Saat ini aku sangat tergila-gila dengan konsep “yakin”. Gusmus mediatornya. Lewat permainan filosofi kata-katanya. Katanya: secara hakiki manusia punya internal power berupa keyakinan. Ia akan sangatberkontribusi dalam hidup. Kau ingat betapa Rabi’ah Al-Adawiyah (seorang sufi) luar biasa yakin dengan keyakinannya, sehingga suatu saat ketika ada dua orang bertamu di rumahnya, dia hanya mendapati dua potong roti untuk disajikan. Begitu hendak diberikan, ia melihat pengemis, lalu tergerak hatinya untuk diberikanlah roti itu kedua-duanya. Dlam kondisi tak punya apa-apa, ia yakin kalau Tuhan akan mengganti 10x lipat roti-rotinya. Subhanallah…… tak lama setelah itu ada pengantar roti yang mengantar roti kepada Rabi’ah. Ketika ditanya dari mana roti itu, si pengantar menjawab dari “majikan” saya. Roti itu ada 18 buah. Tak pelak Rabi’ah langsung menemui sang manjikan. Bukan untuk apa-apa, tapi meminta 2 roti lagi yang ia sangat yakin Tuhan akan mengganti roti-rotinya sebanyak 10x lipat, bukan 9x lipat.

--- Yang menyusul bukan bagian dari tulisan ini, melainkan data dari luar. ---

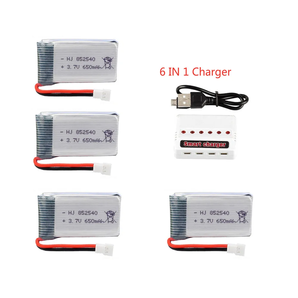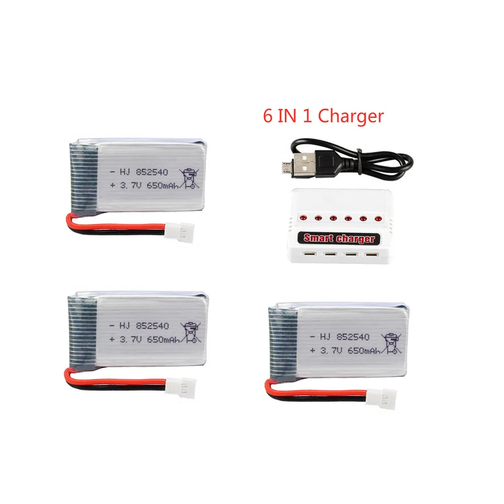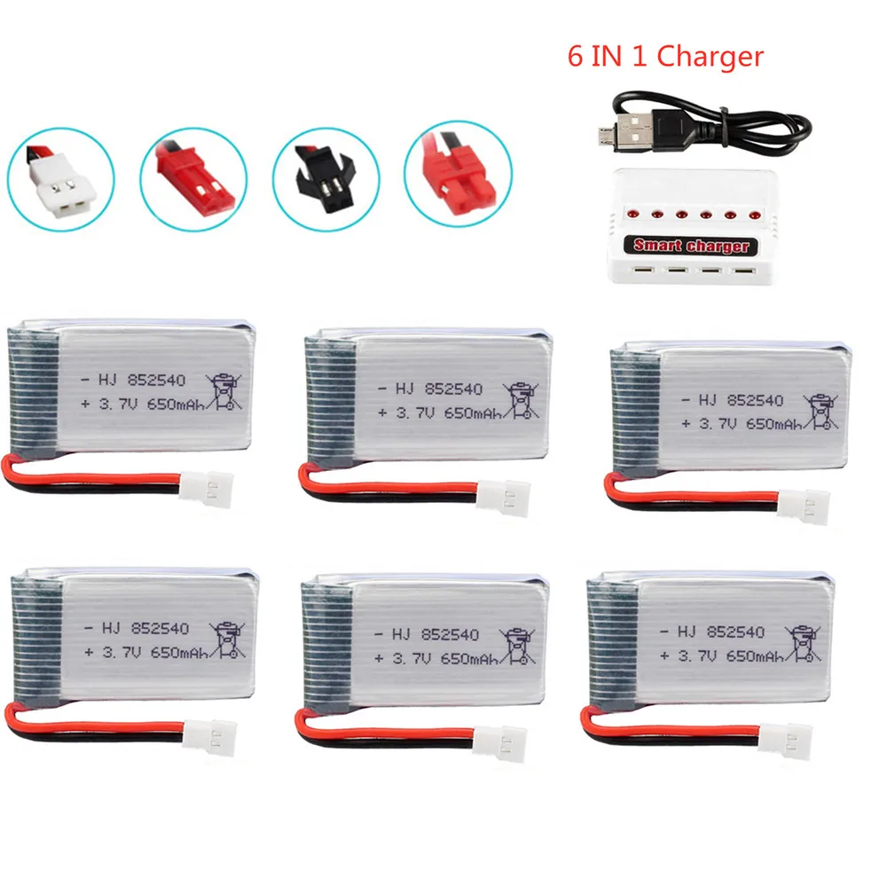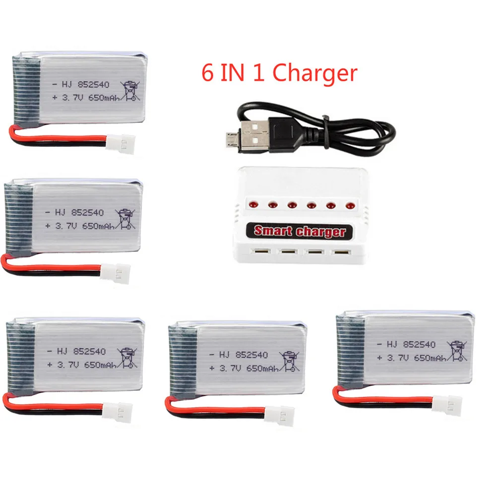 Аккумулятор 3,7 В 650 мА ч + 3,7 В USB зарядное устройство для SYMA X5 X5C, 852540, X5SW, H5C, 3,7 В, Липо-Дрон с перезаряжаемым аккумулятором, 1 шт. в 6 шт.

Ternyata benar masih ada 2 yang belum diberikan. “Sengaja”. Subhanallah!

Belum lagi tentang Kang Abu bakar yang mentashaufkan hartanya di jalan Allah dengan selangit keyakinan bahwa Tuhan akan menggantinya berlebih. Bahkan Gusmus pernah berkata “Thoma’ pada manusia itu haram, tapi Thoma’ pada Allah itu wajib, disertai keyakinan”. Jadi mari sama-sama latihan yakin yuk! Yakin…pasti Tuhan punya Rencana seribu kali indah untukmu jika kau meyakininya1

“Bercerita adalah sungai yang senantiasa mengalir, jangan biarkan ia membendungmu, menahan semua redaksi perasaan”.

Salah satu mediatornya adalah orang tua. Aku akan mengambil abstraksi dari kisahku;
Ayahku yang bekerja jauh di sana itu tak bukan untuk dekat denganku. Yang beliau fikirkan cuma satu. Bagaimana putrinya bahagia dan bisa mendapatkan pendidikan dengan layak. Aku yakin secara naluriah beliau ingin sekali setiap hari dekat dengan putra-putrinya. Bermain bersama, tertawa, menangis, menatap hari-hari yang tak jelas kejelasannya……sungguh manusiawi! Tuhan tidak membuat sesuatu dengan sia-sia, termasuk memanggil ibundaku. Pasti ada “kado istimewa” kelak (aku berbicara seolah-olah mengenal Tuhan. Percayalah aku juga sedang berteriak-teriak mencari-Nya).
Hari itu, hari dimana ibu membercaki tangannya dengan tinta yang terakhir sebelum berangkat rekreasi ke alam Barzah. Aku mendapati suratnya! “surat” yang baru kali ini aku menerimanya. Surat dari malaikat yang kedua tangannya telah meng”aku”kan aku. Surat yang sarat denga cinta. Surat yang karya sastra terbaik yang pernah kubaca. Surat yang sekarang aku letakkan di dinding tempat tidurku. Aku ingin ketika bagun, taushiyah ibu’lah yang kulihat pertama. Semoga Tuhan memberi selalu kemuliaan bagi mereka yang kucintai. Amin…
Aku menulis ini atas dasar kecenderungan. Dari dulu itulah aku. Kecenderungan yang terkadang dipicu oleh cahaya orang lain. Tapi orang lain itu…bukanlah satu-satunya pemilik cahaya serupa. Karena “Bahasa Lahir dari Peta Batin Penulisnya”. Seperti sebuah statement:
 Salam perjuangan menuju manusia yang sebenarnya…
 Salam metamorphosa…
 Salam anti komersialisasi pendidikan…
Itu hanya sebagian kecil proses “Bahasa Lahir yang menuju Peta Batin”.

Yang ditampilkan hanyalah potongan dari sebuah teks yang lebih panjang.